WORK TO COMPLETE:
For the material below, reproduce exactly each line from the one that has "(From L to R)" through the one that has "Pastor con borrego en brazos barro lienzado", and no others; pictures stay out.

GIVEN ENTRIES:
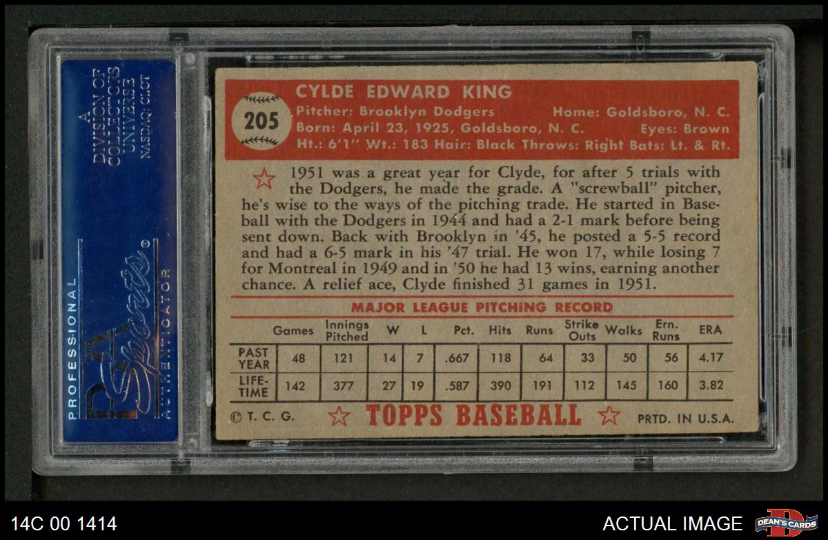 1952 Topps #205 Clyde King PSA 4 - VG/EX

==

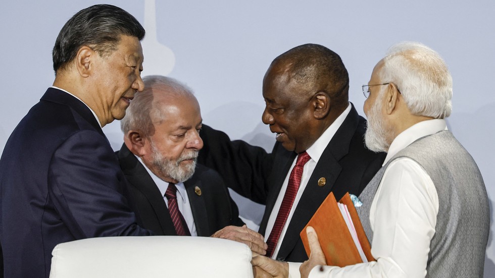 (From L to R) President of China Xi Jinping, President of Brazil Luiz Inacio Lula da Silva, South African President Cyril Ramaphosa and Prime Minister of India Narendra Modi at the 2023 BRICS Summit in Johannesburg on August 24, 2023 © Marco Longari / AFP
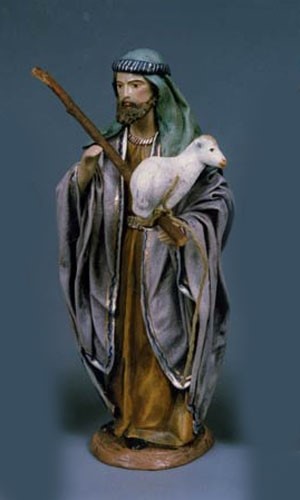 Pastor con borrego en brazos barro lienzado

ANSWER TO THE PROBLEM:
 (From L to R) President of China Xi Jinping, President of Brazil Luiz Inacio Lula da Silva, South African President Cyril Ramaphosa and Prime Minister of India Narendra Modi at the 2023 BRICS Summit in Johannesburg on August 24, 2023 © Marco Longari / AFP
 Pastor con borrego en brazos barro lienzado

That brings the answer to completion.